The guy is beyond coaching. He isn’t a sufficient second offensive option, and his best role is catch-and-shoot specialist—a role he’d never contently fill. A glorified Steve Novak.

Thinking of Smith reminds me of a Nas lyric you may find familiar from the best diss record published in my lifetime. It goes: “And that’s the guy y’all chose to name your company after?”

With or without context, the bar bears basically no resemblance to the Knicks organization, except for a few quick points.
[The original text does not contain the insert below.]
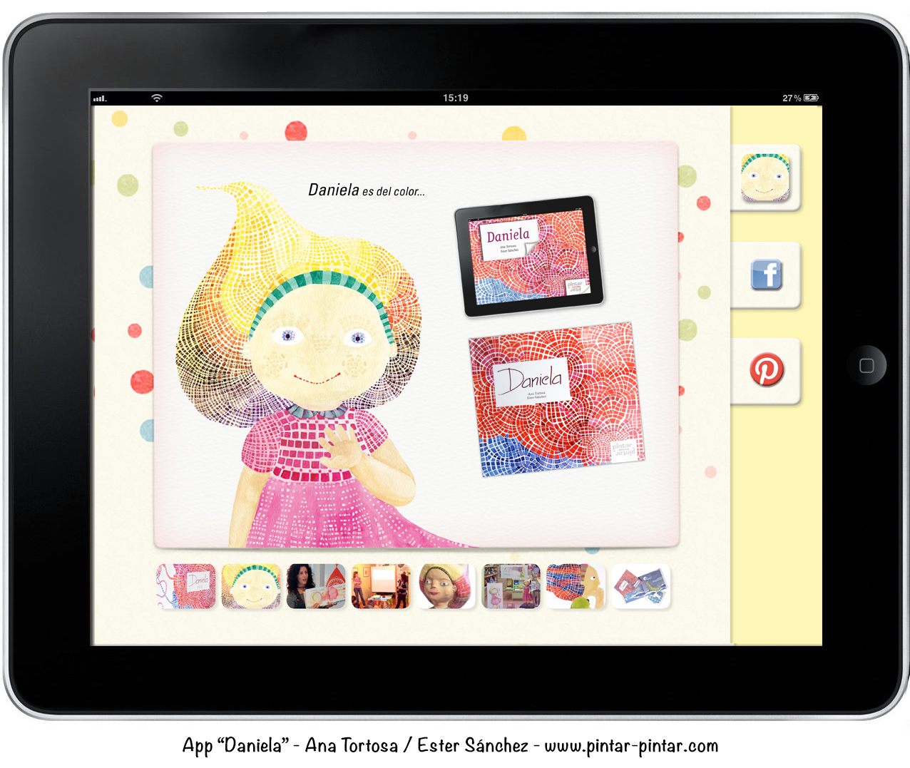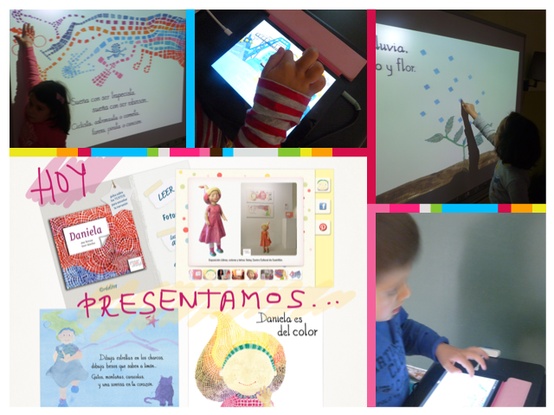 Este mágico libro, se ha transformado, con un abra cadabra, en una App, y hoy hemos tenido la ocasión de trabajarlo en el aula con niños de 4 años. Conocedores del libro en formato papel, ha sido toda una sorpresa, verlo proyectodo en la PDI, con movimientos, con sonidos y música nos ha hecho realizar una sesión de las que llamamos «redondas», el juego que da es infinito. La proyección y disfrute de la escucha, de la narración cuidada, de la música elegida con mimo, de la interacción…ya es por sí misma merecedora del título de Guappi, pero es que después hemos trabajado el vocabulario, abundante y rico, acompañado por las geniales ilustraciones de Esther; a modo de ejemplo, las figuras que viven en el pelo de Daniela y con las que ella sueña: el trapecista, el ciclista, el astronauta, la cometa…..se prestan para su búsqueda y localización, para una vez encontradas en la PDI, pasen a la tableta y toquen en la figura y……..la magia aparece de nuevo¡¡¡¡ el detalle de la la nota musical es todo un acierto…y no os cuento más porque me gustaría que, quienes tengais la ocasión, podáis utilizarla en el aula y disfutar tanto como lo hemos hecho nosotros. os dejo unas fotos de la sesión, espero que os guste. El precio de esta App para Ipad es de 1,79 e.

The Knicks aren’t “naming” themselves after Smith, but it damn sure isn’t far off from it. Remember, this is the guy whom James Dolan thought so highly of that bringing on his non-talent brother was an absolute must, two seasons in a row. Only since his job has been on the line has Woodson resorted to benching Smith in pursuit of a win. Also, 23-year-old Iman Shumpert is a living, breathing trade rumor, despite being the more promising player between the two, and showing every bit of what a winning basketball player needs to possess during last year’s postseason. (It’s easy to forget, but those Knicks may well have gotten swept by Indiana if it wasn’t for Shumpert’s hustle and clutch shooting. Maybe I’m a bit of a Shump homer, and maybe that’s some hyperbole, but that’s how I saw it.)

Regardless, JR is the guy New York is riding with. Don’t expect Dolan, the acting general manager these days, to ship away the player he’s gone out of his way to accommodate over parts of three seasons. I find it hard to believe that a coach would invest trust, for so long, in a player that’s done almost nothing to deserve it. This smells to me (somebody who knows absolutely nothing about the organization) like JR’s minutes being demanded from the bearded fellow sitting bemused on the baseline, while probably critiquing the team’s dance routine.

Or maybe that’s just me clinging on the the thread of hope that my team’s head coach has some common sense deep down, somewhere under that beautifully bald scalp.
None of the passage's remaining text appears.